I have treated many patients with a massage for sciatica symptoms. They have come to me with severe limps and on one occasion a lady came so doubled up with pain that her husband had to carry her into my treatment room, and she could only lie in a foetal position on the treatment couch. To determine whether massage for sciatica is an appropriate treatment at this stage a thorough patient history and examination is required.

Most cases of sciatica pain emanates from one of three areas:

  • the lower back or lumbar region of the spine (L4/L5)
  • the sacroiliac (SI) joint in the pelvis
  • the piriformis muscle in the buttock or other deep gluteal muscles

Assessment

Observe the person when entering the treatment room, how they move and how they hold themselves. Talk with the patient to determine the possible cause of their sciatica. Was it the result of a sudden action, i.e. lifting and twisting, coughing or sneezing? Or did they slip and fall or jump down, e.g. from the cab of a lorry? Did the pain come on slowly and increase over a period of time, e.g. whilst sitting for an extended period on a long car drive or flight? Have they had any surgery to the lower back or replacement joints, hip or knee?

If comfortable the root cause of the pain is one of the three areas mentioned above before commencing any massage for sciatica explain to the patient the procedure and how it will benefit them. It is important for people to have a full understanding of what is happening, as this embeds learning that allows the patient to help themselves, which helps their healing. Always ensure consent is obtained before proceeding with any treatment.

Massage for Sciatica Treatment

  • Palpation – Gently feeling along the spine and path of the sciatic nerve through the gluteal area to identify the most sensitive points of nerve irritation.
  • Reduce inflammation – With ice cubes massage the most sensitive areas nerve irritation with ice to reduce inflammation. The reason for this is two-fold:
    • When the nerve is inflamed it is usually the outer sheath of the nerve that swells causing pressure and pain. By applying ice you can reduce the swelling and relieve some of the pressure.
    • Using ice cubes allows you to pinpoint sites of irritation more accurately. When the nerve is deep in the tissue such as in the gluteal area you can use more than one ice cube to get deeper into the tissue (caution – never use more than two ice cubes so as to avoid ice burn).
  • Heat – Apply heat in the form of wheat bags or a hot-cold pack along the spine and the line of the sciatic nerve to relax the muscles and infuse the area with blood to encourage healing.
  • Massage – Whilst the heat is working , massage the leg of the affected side to relax the muscles completely. Once this is done, remove the heats and gently massage the affected area and along the spine.
  • Mobilisation – Once the patient is relaxed if appropriate you can mobilise with traction of the hip joint and gently mobilise the lower back and SI joint.

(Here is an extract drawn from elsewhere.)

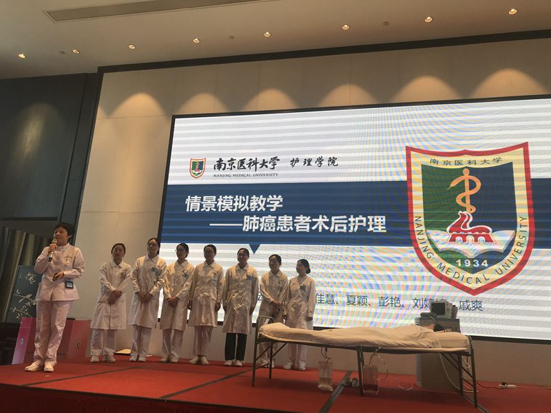 6月1日上午,丁亚萍副院长应邀作“临床护理教学方法创新”的主题报告,向与会代表分享我院在临床护理教学方面的新举措,呈现我院在新医科背景下深化本科护理人才培养所面对的改革与思考。6月1日下午,许勤副院长和北京大学米兰(中国)让运动改变生活路潜副院长一起主持情景模拟教学工作坊。张俊老师和8名在主办地徐州医科大学附属医院实习的学生作情景模拟教学演练,以“胸腔镜下肺癌根治术患者”的术后接诊流程和常用心律失常的识别与处理作为演示的情景,张俊老师通过生动、精彩的讲授,由浅入深、循序渐进地阐述了情景模拟教学的精髓,授课过程中多次互动、引导学生积极思考,注重培养学生的临床思维能力,获得与会老师的热烈反响。这是我院在全国的护理学术会议上首次展示情景模拟教学,彰显了南医护理人不断深化教育改革创新,积极探索新的教学理念和教学方法,在兄弟院校中起到示范作用。

On completion, in most cases the patient will feel more relaxed and feel less pain. If the patient experiences sciatic pain while sitting a Sciatic Pain Relief Cushion is a good option for them to try. Advise them to use it all the time whilst sitting to minimise pressure on the sciatic nerve. Every second that the nerve feels less irritation is a second closer to recovery. Usually a follow up appointment is beneficial to keep the recovery moving in the right direction.